Directions:
Reproduce the data below in full and to the letter, images excepted.
[[ Provided material, beginning ]]
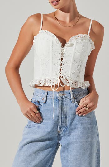 Bring a bit of vintage inspiration to your off-duty look with this crop top featuring ruffle trim, eyelet embroidery and corset-inspired lacing up the front.
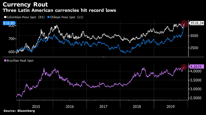 Latin American markets are experiencing a rout as anti-government protests spread. Brazil, Chile and Colombia's currencies have all weakened to record lows
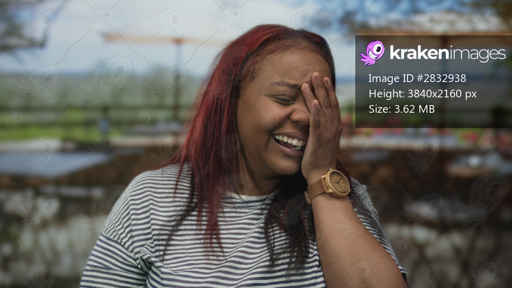 African american woman covers mouth laughing on restaurant terrace building outdoors; lighthearted joy.
[[ Provided material, end ]]
Reply to the task:
 Bring a bit of vintage inspiration to your off-duty look with this crop top featuring ruffle trim, eyelet embroidery and corset-inspired lacing up the front.
 Latin American markets are experiencing a rout as anti-government protests spread. Brazil, Chile and Colombia's currencies have all weakened to record lows
 African american woman covers mouth laughing on restaurant terrace building outdoors; lighthearted joy.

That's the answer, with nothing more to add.